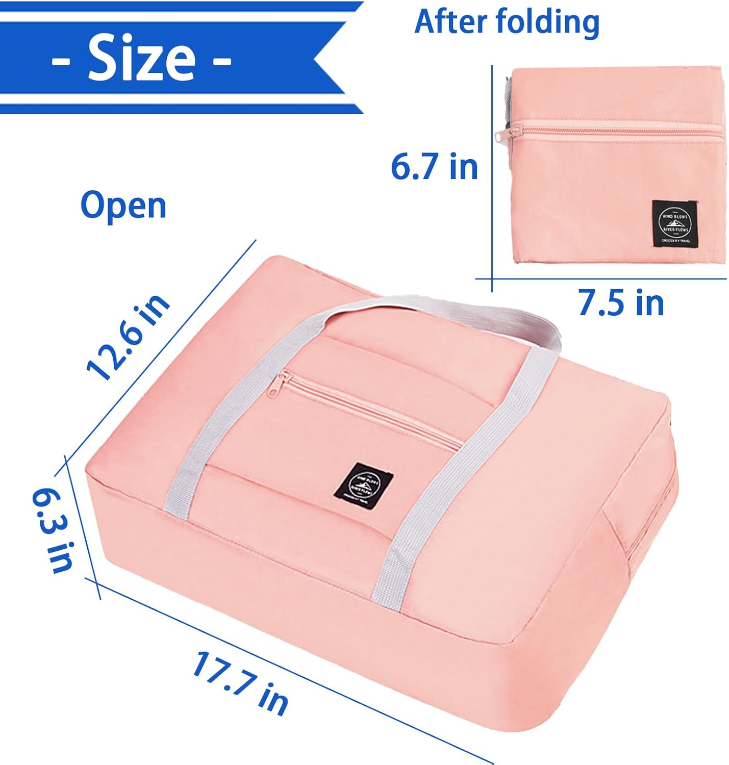 Foldable Travel Duffel Bag 2PCS Tote Carry on Luggage Bag Spirit Airlines Personal item Sports Gym Bag Water Resistant Weekender Overnight Bags for Women and Men (Green+Pink)
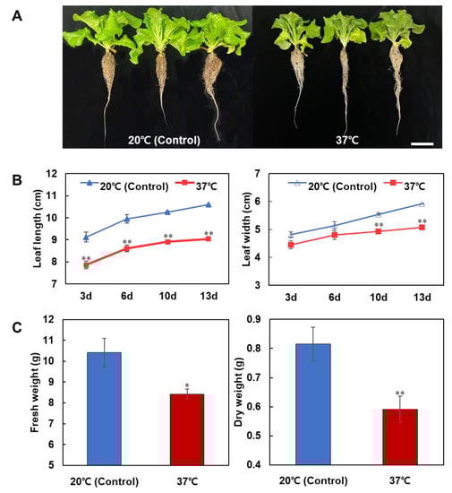 Effect of heat stress on the early vegetative development of lettuce. (A) Lettuce plants treated with heat stress (37 °C) and with optimal temperature (20 °C) during 24 h. Scale bar = 5 cm. (B) Changes in leaf length and width in lettuce at 3, 6, 10 and 13 days after heat treatment compared to control. (C) Changes in fresh weight and dry weight in lettuce with and without heat treatment. Asterisks indicate significant differences compared with the control (* p < 0.05, ** p < 0.01, Student’s t test). Each bar represents mean ± SE of three independent experiments.
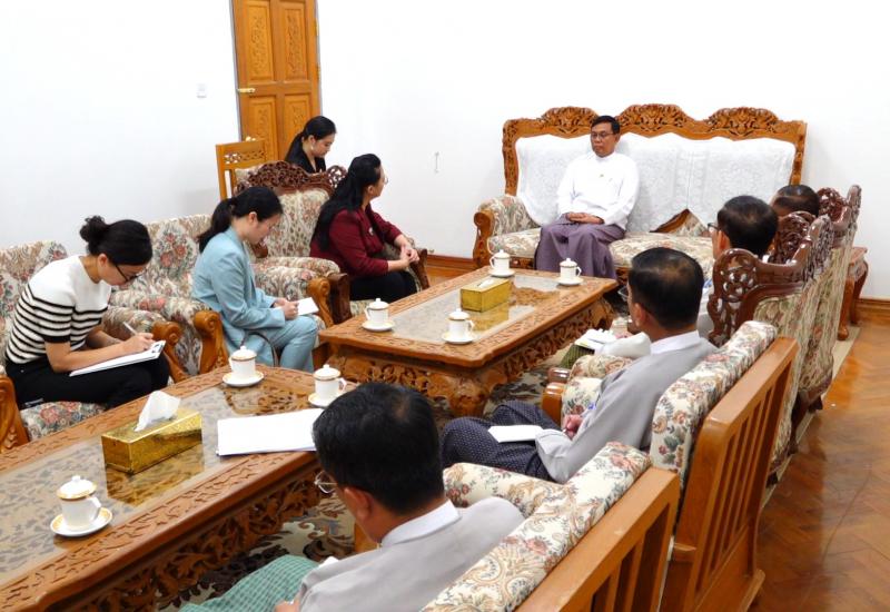 Union Minister for Construction U Myo Thant received Ambassador of the People’s Republic of China to Myanmar Ms Ma Jia yesterday at the Ministry of Construction in Nay Pyi Taw.
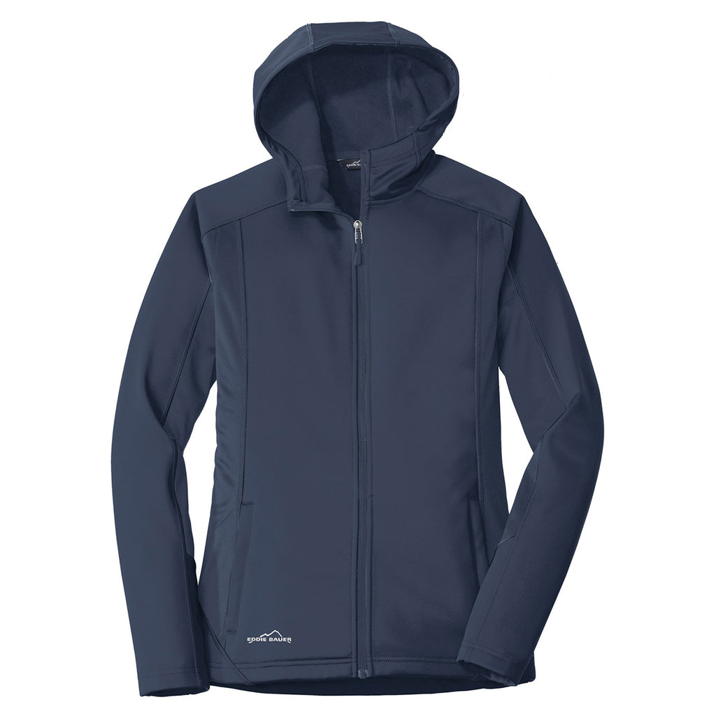 Give the logoed Eddie Bauer Women's River Blue Trail Soft Shell Jacket to each member of your successful team. The sleek embroidered corporate gift includes a large imprint area to attach your corporate logo. Designed with 100% rugged polyester knit shell and DWR coating, the jacket also receives a water-resistant laminated film to prevent Mother Nature from dampening your day. The micro fleece brushed interior feels smooth to keep you feeling fresh all-day long. Attach the hood to bundle up when the weather takes a turn for the worse. Your team will appreciate having a jacket that they actually want to wear both to the office and after hours.
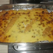Tagliate il pane a cubetti, mettete sulla placca del forno ed infornate per 5 minuti a 180°. Schiacciate le banane in una ciotola ed unite le uova sbattute. Mescolate ed unite il latte, la cannella e la vaniglia alla crema. Unite i pezzi di pezzi di pane tostato, le gocce di cioccolato e mescolate bene.
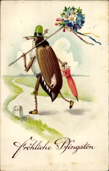 Ak Glückwunsch Pfingsten, Maikäfer, Blumen, Sonnenschirm
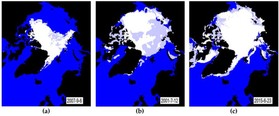 - Cavalieri, D.J.; Markus, T.; Comiso, J.C. AMSR-E/Aqua Daily L3 12.5 km Brightness Temperature, Sea Ice Concentration, & Snow Depth Polar Grids, Version 3; NASA National Snow and Ice Data Center Distributed Active Archive Center: Boulder, CO, USA, 2014. [Google Scholar] [CrossRef]
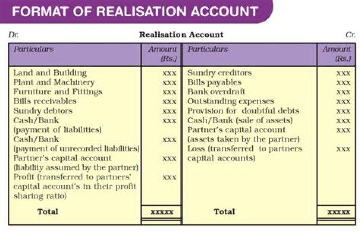 Realisation Account is a nominal account which is prepared at the time of dissolution of firm. Realisation account is prepared It is prepared to realize the various assets and pay off the liabilities.
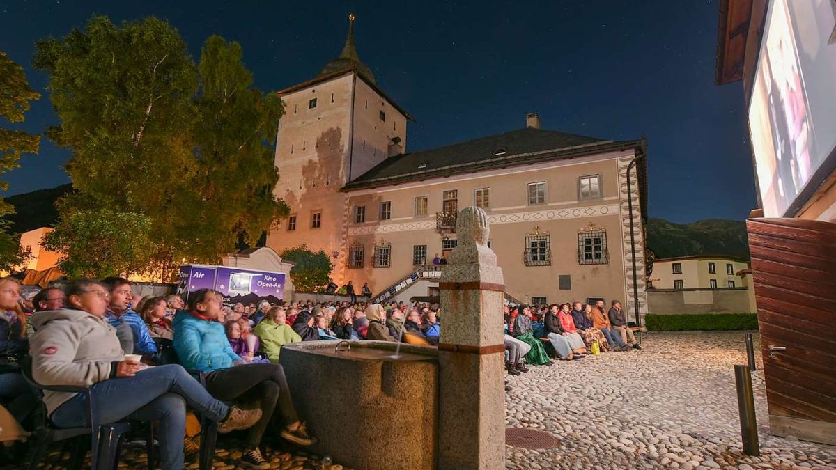 La cuort dal Chastè Planta Wildenberg a Zernez s’ha transmüdada per ses dis sco center dal Kino-Openair dal Parc Naziunal Svizzer (fotografia: Hans Lozza/PNS).
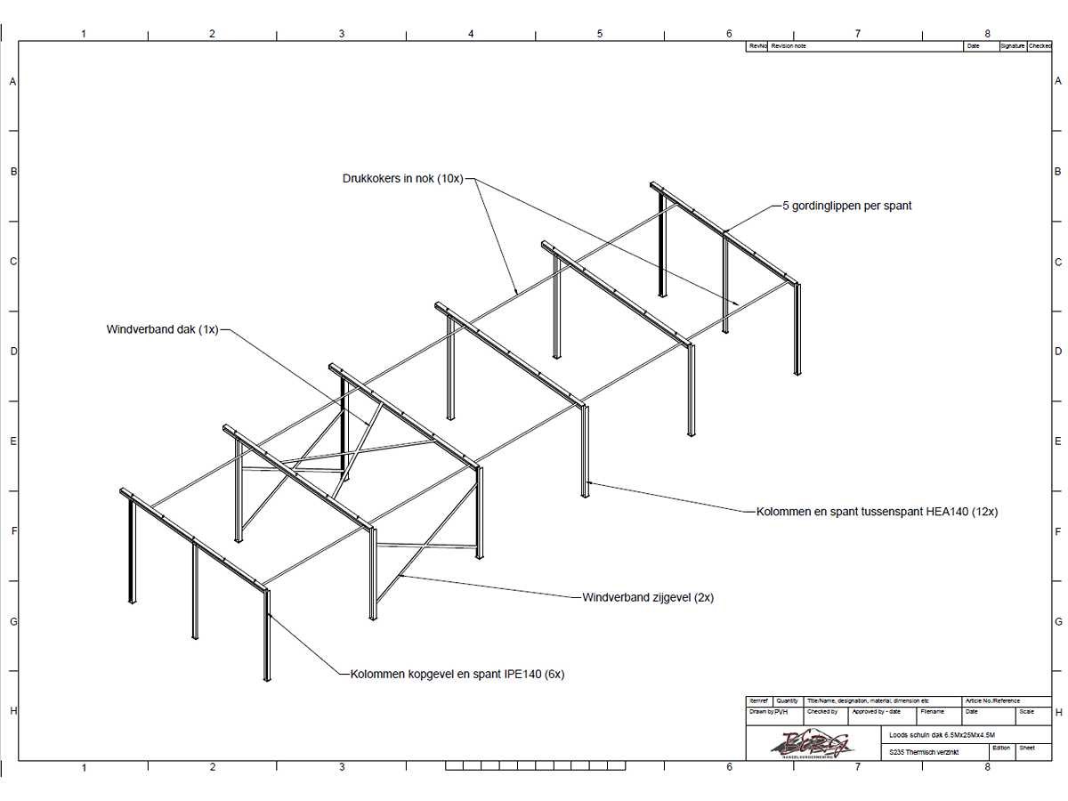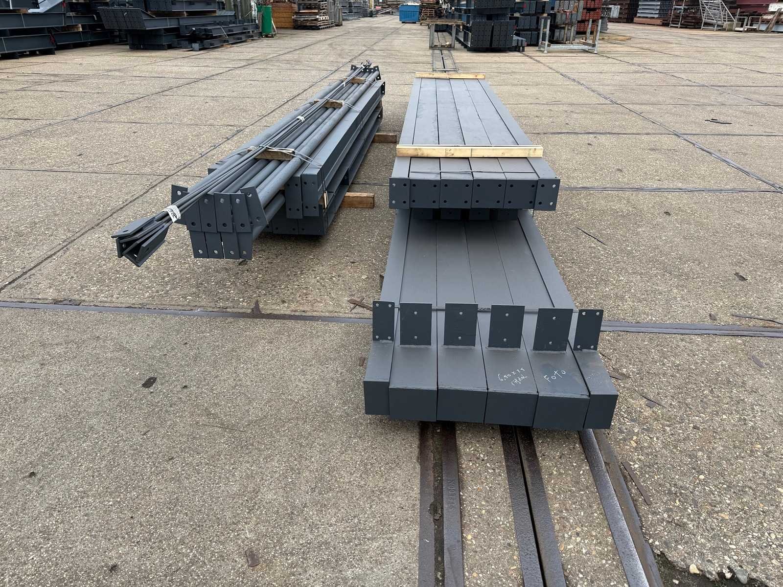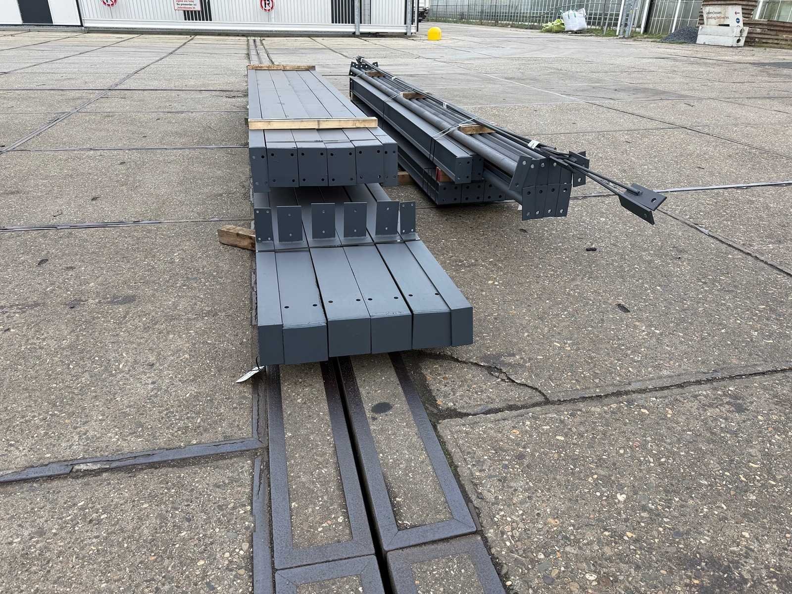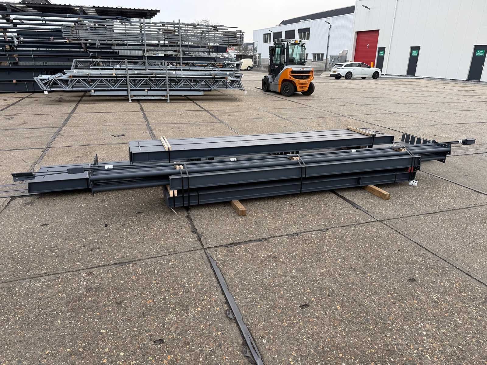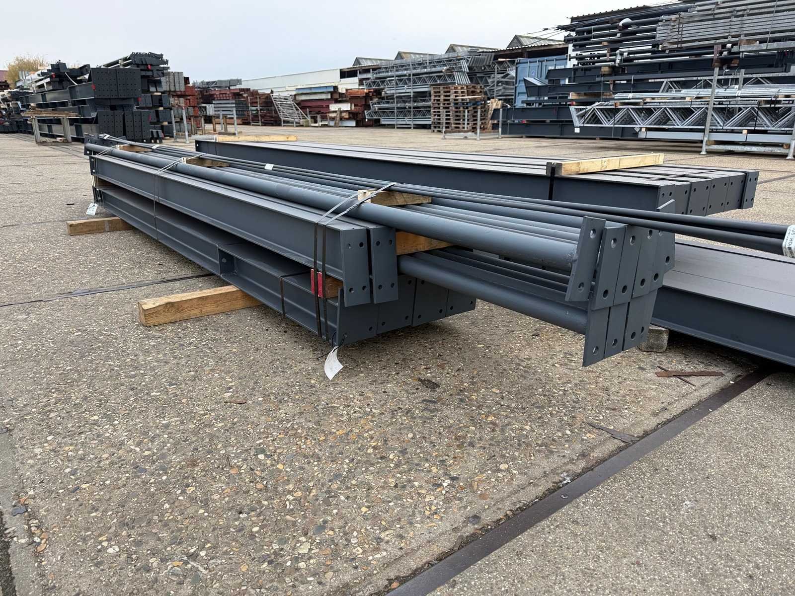 Vrije overspanning afdak constructie; spanten h.o.h. 5000mm; hoogte voorkant 4450mm, hoogte achterkant 3650mm; 4 sets tussenspanten HEA140; 2 sets kopgevelspanten IPE140 met windstijlen; staaltekening; 3D-tekening; voorzien van drukkokers; windverbanden; gordinglippen op de spanten; kavel ligt netjes transportklaar en dient met 1 trailer opgehaald te worden; kavel wordt gratis met een heftruck geladen No Materiaal: Geschilderd staal antraciet Type: Afdak Totaal oppervlakte: 162m² Nok hoogte: 4450mm Goot hoogte: 3650mm Totale afmeting L: 25000mm Totale afmeting Breedte: 6500mm
* * * * *
When you retype the data above, match every line exactly and leave the pictures behind.

 Foldable Travel Duffel Bag 2PCS Tote Carry on Luggage Bag Spirit Airlines Personal item Sports Gym Bag Water Resistant Weekender Overnight Bags for Women and Men (Green+Pink)
 Effect of heat stress on the early vegetative development of lettuce. (A) Lettuce plants treated with heat stress (37 °C) and with optimal temperature (20 °C) during 24 h. Scale bar = 5 cm. (B) Changes in leaf length and width in lettuce at 3, 6, 10 and 13 days after heat treatment compared to control. (C) Changes in fresh weight and dry weight in lettuce with and without heat treatment. Asterisks indicate significant differences compared with the control (* p < 0.05, ** p < 0.01, Student’s t test). Each bar represents mean ± SE of three independent experiments.
 Union Minister for Construction U Myo Thant received Ambassador of the People’s Republic of China to Myanmar Ms Ma Jia yesterday at the Ministry of Construction in Nay Pyi Taw.
 Give the logoed Eddie Bauer Women's River Blue Trail Soft Shell Jacket to each member of your successful team. The sleek embroidered corporate gift includes a large imprint area to attach your corporate logo. Designed with 100% rugged polyester knit shell and DWR coating, the jacket also receives a water-resistant laminated film to prevent Mother Nature from dampening your day. The micro fleece brushed interior feels smooth to keep you feeling fresh all-day long. Attach the hood to bundle up when the weather takes a turn for the worse. Your team will appreciate having a jacket that they actually want to wear both to the office and after hours.
Tagliate il pane a cubetti, mettete sulla placca del forno ed infornate per 5 minuti a 180°. Schiacciate le banane in una ciotola ed unite le uova sbattute. Mescolate ed unite il latte, la cannella e la vaniglia alla crema. Unite i pezzi di pezzi di pane tostato, le gocce di cioccolato e mescolate bene.
 Ak Glückwunsch Pfingsten, Maikäfer, Blumen, Sonnenschirm
 - Cavalieri, D.J.; Markus, T.; Comiso, J.C. AMSR-E/Aqua Daily L3 12.5 km Brightness Temperature, Sea Ice Concentration, & Snow Depth Polar Grids, Version 3; NASA National Snow and Ice Data Center Distributed Active Archive Center: Boulder, CO, USA, 2014. [Google Scholar] [CrossRef]
 Realisation Account is a nominal account which is prepared at the time of dissolution of firm. Realisation account is prepared It is prepared to realize the various assets and pay off the liabilities.
 La cuort dal Chastè Planta Wildenberg a Zernez s’ha transmüdada per ses dis sco center dal Kino-Openair dal Parc Naziunal Svizzer (fotografia: Hans Lozza/PNS).
 Vrije overspanning afdak constructie; spanten h.o.h. 5000mm; hoogte voorkant 4450mm, hoogte achterkant 3650mm; 4 sets tussenspanten HEA140; 2 sets kopgevelspanten IPE140 met windstijlen; staaltekening; 3D-tekening; voorzien van drukkokers; windverbanden; gordinglippen op de spanten; kavel ligt netjes transportklaar en dient met 1 trailer opgehaald te worden; kavel wordt gratis met een heftruck geladen No Materiaal: Geschilderd staal antraciet Type: Afdak Totaal oppervlakte: 162m² Nok hoogte: 4450mm Goot hoogte: 3650mm Totale afmeting L: 25000mm Totale afmeting Breedte: 6500mm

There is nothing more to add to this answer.